SOROT 335

Sajian Kuliner Legendaris Pasar Besar

Pasar Besar Kota Malang
Sumber :
  • VIVA.co.id/Dyah Ayu Pitaloka

VIVA.co.id - Warung tua itu tampak sederhana. Terletak di lantai dasar, tak jauh dari pintu masuk sebuah pasar. Menu yang tersaji masih sama. Soto, rawon, gulai, dan ayam lodho. Resepnya pun tak berubah.

“Bangku yang dipakai juga sama,” kata Yusuf generasi ketiga Haji Ridwan yang kini mengelola warung itu.

Haji Ridwan adalah seorang perantauan asal Madura. Dia mulai menjalankan warung sejak 1925, tepat setelah Pasar Besar selesai dibangun usai diambil alih Belanda. Dikenal dengan "Warung Lama", kelezatan ayam lodhonya makin kental di lidah warga Malang.

Yusuf yang kini berusia 63 tahun, mengaku bangga, lantaran resep ayam lodho itu telah mengisi salah satu menu di buku "100 Mak Nyus Makanan Tradisional Indonesia". “Itu fotonya,” kata Yusuf sambil menunjuk pajangan dinding berisi kliping koran pemberitaan tentang Bondan Winarno saat berada di warungnya.

“Ayam lodho di sini enak, rasanya mondo-mondo, pas di lidah,” kata Ary Bowo Sucipto, pengunjung warung itu, sambil menyeka bulir keringat di dahi.

Kelezatan ayam lodho warisan Haji Ridwan itu membuat Pasar Besar tak surut dikunjungi. Apalagi, Jalan Wiromargo di Kota Malang, yang tak jauh dari Pasar Besar selalu ramai dengan penjual aneka kelopak bunga.

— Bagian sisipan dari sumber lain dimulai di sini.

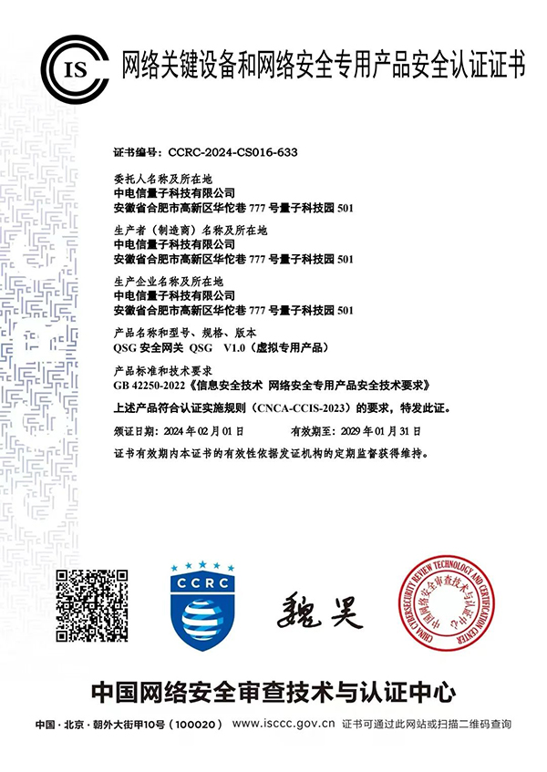 另外,中電信量子集團“網(wǎng)+量子”產(chǎn)品——量子安全網(wǎng)關(guān)現(xiàn)已獲得網(wǎng)絡(luò)關(guān)鍵設(shè)備和網(wǎng)絡(luò)安全專用產(chǎn)品安全認證證書。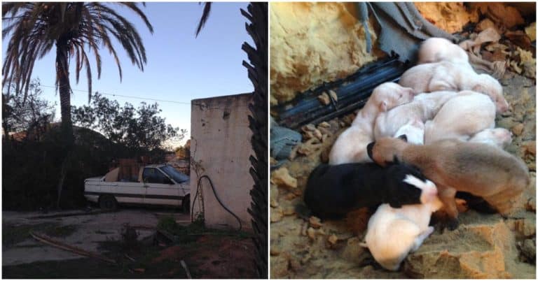 Vera was in terrible shape overall. Not only did she have a broken leg, but she was starving and extremely emaciated. A woman named Lianne and her friend and veterinarian Ellen Sobry stumbled upon the dog near a market in Spain and noticed she was lactating. She must’ve had puppies somewhere, but where?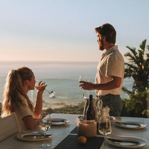 Outside, the villa opens onto a private pool deck with sun loungers and an alfresco dining area — ideal for soaking up the sun or enjoying long, lazy evenings under the stars. A fire pit with seating for four offers a perfect mountain-facing spot for sundowners, while the gym, with its ocean views, adds a touch of wellness to your stay.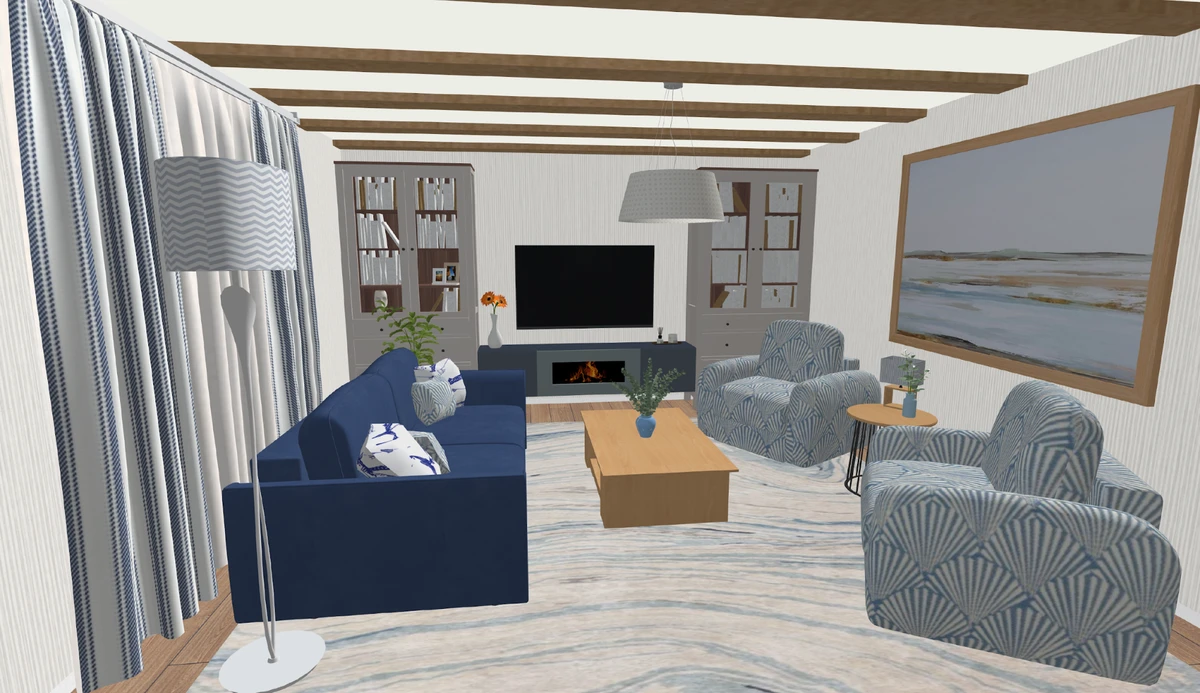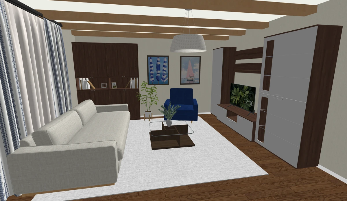Мы для примера решили оформить гостиную. Взяли за основу бело-синюю оттеночную палитру, украсили потолок традиционными для направления балками, максимально освободили пространство. Но обстановка в комнате получилась темной, несмотря на характерные для стилистики детали.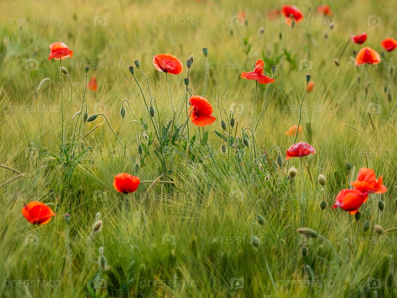 Красные цветы мака на ржаном поле. Зеленые растения с красными бутонами. Красивые и хрупкие цветы летом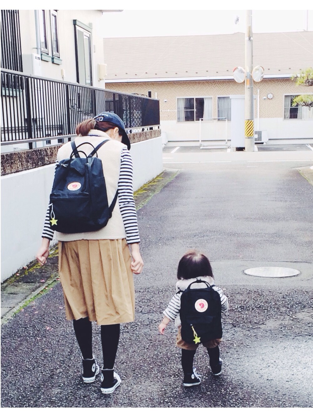 わたしも娘も パタゴニアフリース × ボーダー × ベージュ × コンバース でリンクしたときのコーデ٩(◜ᴗ◝ )۶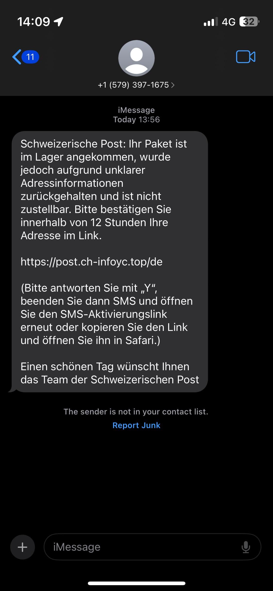 * the link does not go to [post.ch](http://post.ch) (while there is a [post.ch](http://post.ch) in there, the domain is actually ch-infoyc.top)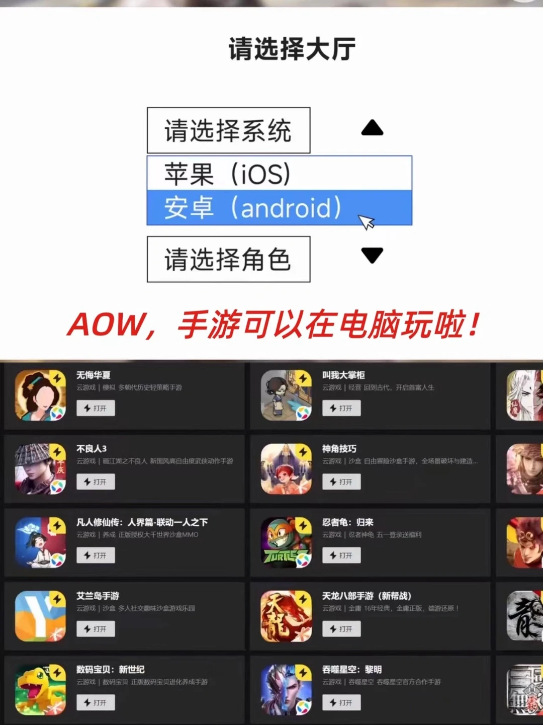 ✅AOW:简单说就是手游可以在电脑上玩,像金铲铲之类的,大屏的体验不要太爽!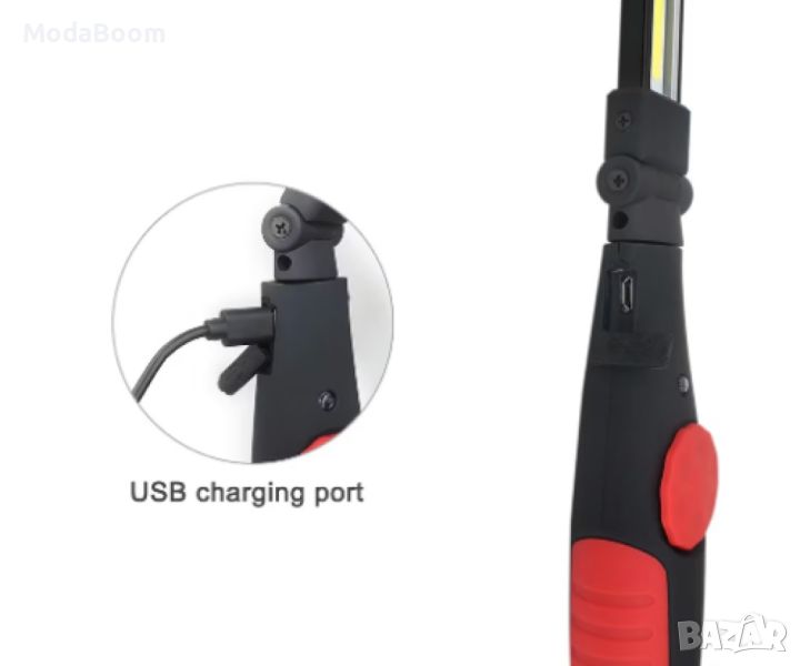 Материал: ABS пластмаса; Цвят на корпуса: Черен и различни цветове; LED модел: СОВ лента; Мощност: 5 W; Светлинен поток: 250 Lumens; Регулиране на светлината: Димер; Чупещо светлинно тяло: 150 градуса; Чупещо рамо; Мощен магнит в долната част; Живот на СОВ диода: 100,000 часа; Капацитет на батерията: 3000mAh (сменяема тип 18650); Micro USB порт за зареждане; Червен LED индикатор за зареждане; USB към Micro USB кабел за зареждане: Включен; Размери: 34 / 3.9 / 3 см; Тегло: 160 грама.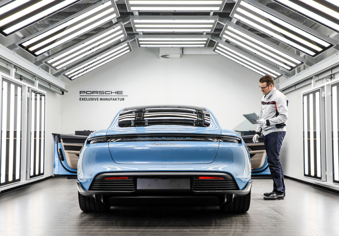 Porsche Exclusive Manufaktur en Zuffenhausen, ha ampliado su capacidad de cara al lanzamiento del nuevo Taycan: el espacio de la fábrica ha aumentado un tercio, hasta 2.000 m2, y se han añadido cuatro nuevas estaciones de trabajo con plataforma elevadora. También se han creado 50 m2 de espacio para almacenamiento y se ha optimizado la logística, mediante una conexión directa con la sección de vehículos terminados. El equipo también se ha incrementado con más expertos en acabado de vehículos.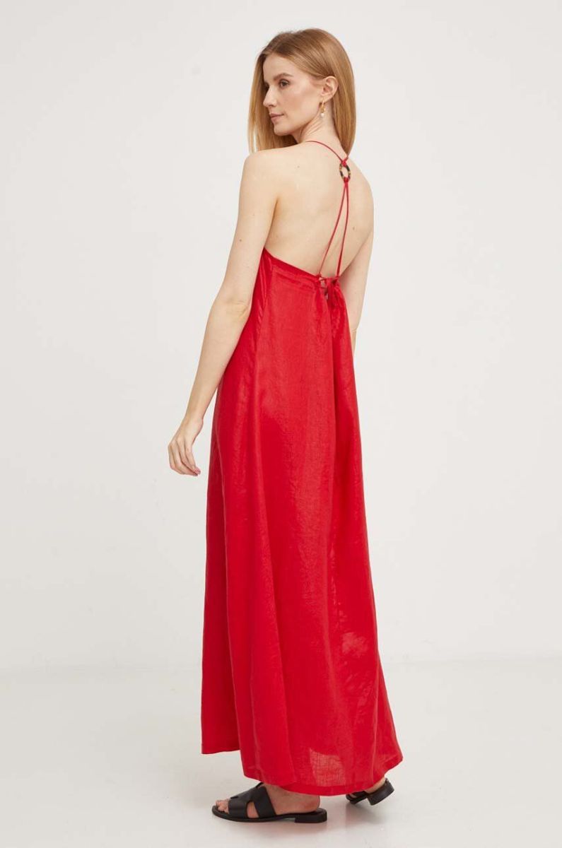 Льняна сукня Answear Lab колір червоний maxi пряма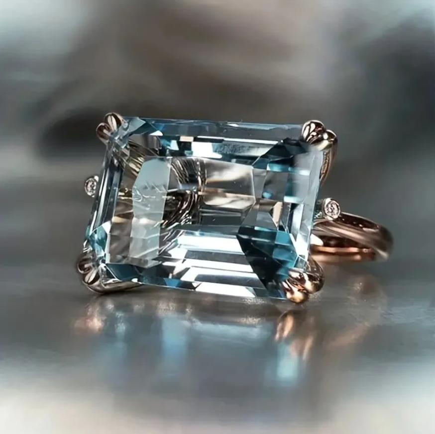 Bague tendance en strass bleu pour femme, accessoire de fête, bijou pendant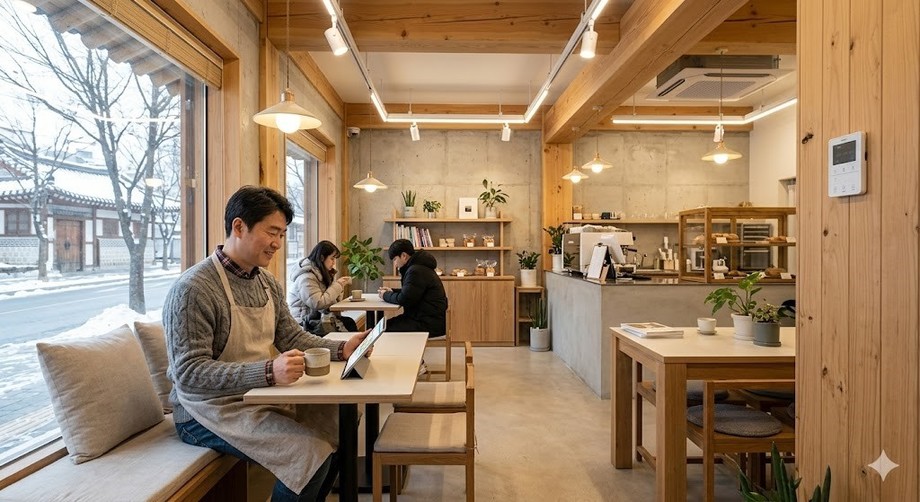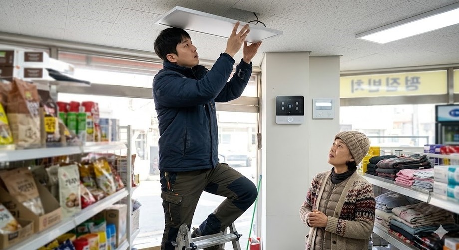| ▲ 위 사진은 기사 내용과 무관하게 AI(인공지능)가 생성한 이미지입니다. LED 조명 교체와 스마트 온도조절기 설치로 동절기 에너지 비용을 절감하는 소상공인. (사진 = 제미나이) |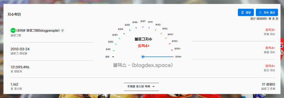 궁금했던 네이버 공식 블로그팀의 블로그 지수입니다. 종합 지수 최적 4+ 이네요 ㅎㅎ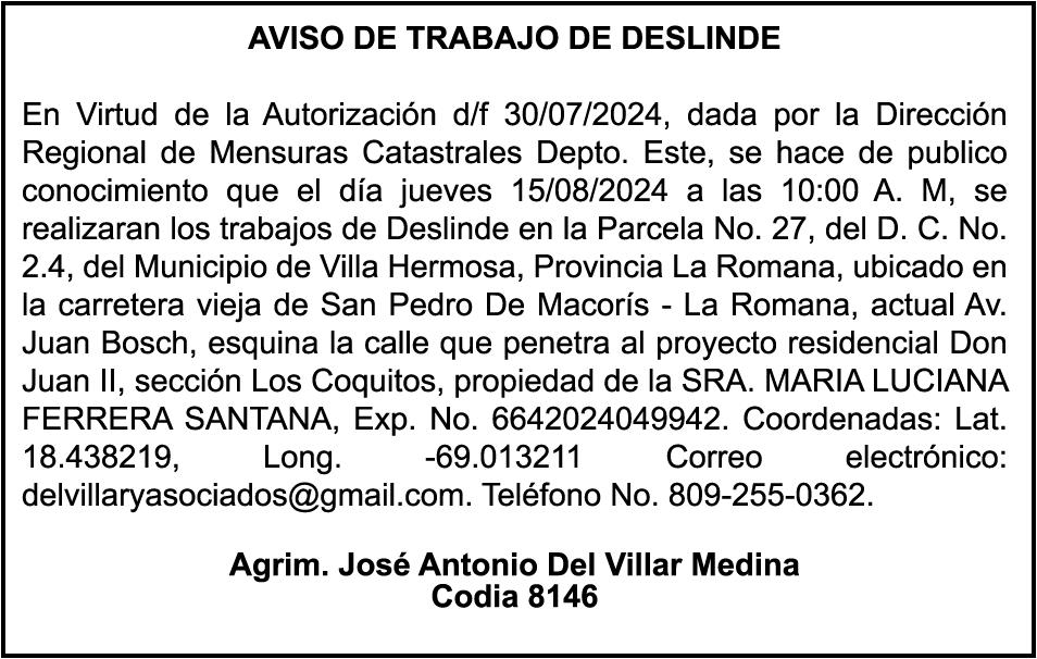 Asimismo, anunció que, según lo proyectado, para el primer semestre del 2025, se realizará el primer viaje en ferry en la ruta San Pedro de Macorís-Mayagüez, Puerto Rico, que se construye en la actualidad. Dijo que aunque se estuvo trabajando para que esté listo para el cierre de este año, hubo un retraso en la parte de Puerto Rico.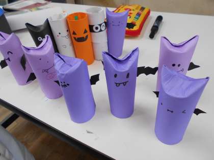 トイレットペーパーの芯を利用して、ハローウィンの飾りをつくります。
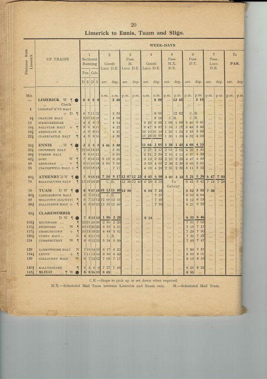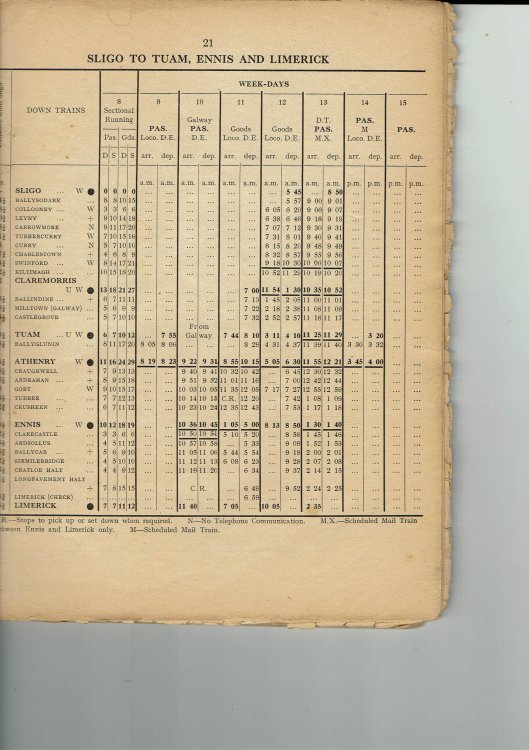Its likely that some of the criticism of ex-Midland locos in the GSR/CIE as sluggish and poor steamers may have been due to the lack of familarity with Midland locos on the Southern and at Inchacore. With a few exceptions ex-MGWR 2-4-0s on DSER and Bray Suburban trains, a pair of 0-6-0s a Standard Goods and a Cattle engine on loan to Waterford for the Beet Season and the successful use of ex-MGWR Cs Class 4-4-0s on Kingsbridge-Nenagh-Limerick trains during the 1930s, ex-MGWR locos worked the majority of goods and passenger trains on the Midland until displaced by railcars and diesels. Jack O'Neil describes his first 1946 run as a fireman on 540 assisting the down Galway Mail from Mullingar to Athlone, talks about the rough riding (Woolwich Moguls also had a bad reputation) advised if he had false teeth to take them out when getting on! Described the loco as free steaming and easy to fire and a steady runner until "notched up beyond 65%" (worked hard) Jack's last fired one of the Class "being worked to death" on DSER suburban service "until no longer safe to be on the road" in 1954 . Also notes a high speed (70max) 1954 run with 543 on the "Caddagh" (Dublin-Galway via Portarlington) a precursor of the Cu na Mara" railcar express of the 50s and 60s and a 1939 run on a Limerick-Kingsbridge via Nenagh with 60mph running. The MGWR large 4-4-0s appear to have been designed as mixed traffic locos capable of hauling heavy passenger and livestock trains, the locos had smaller 6'3" driving wheels and the valve gear was set up differently to the GSWR 6'7" 4-4-0s which were designed for high speed running on the Cork Main line. The MGWR 4-4-0s would have had to be worked harder to achieve a similar speed which would have also increased maintenance costs. It likely that overloading and a backlog of maintenance became a significant problem during the CIE era as train frequencies were reduced in an attempt to control CIEs worsening financial position and overloading was identified as a significant problem with the Woolwich Moguls and rebuilding of some Moguls as 4-6-0s Woolwich cylinders and motion, 400 Class boilers was actually proposed -

Pasar Santa, Pasar untuk Semua

Pasar Besar Kota Malang

Pengunjung menikmati makanan di Warung Lama milik H. Ridwan di kompleks Pasar Besar Kota Malang. Foto: VIVA.co.id/Dyah Ayu Pitaloka

Pasar PIK: Tempat Belanja Bernuansa Singapura

Ada bunga sepatu, bunga cibung, pandan, melati, bunga sepatu, dan juga kenanga. Kesibukan aneka pedagang dan pembeli pun meluber di Pasar Besar, pasar tertua di Kota Malang.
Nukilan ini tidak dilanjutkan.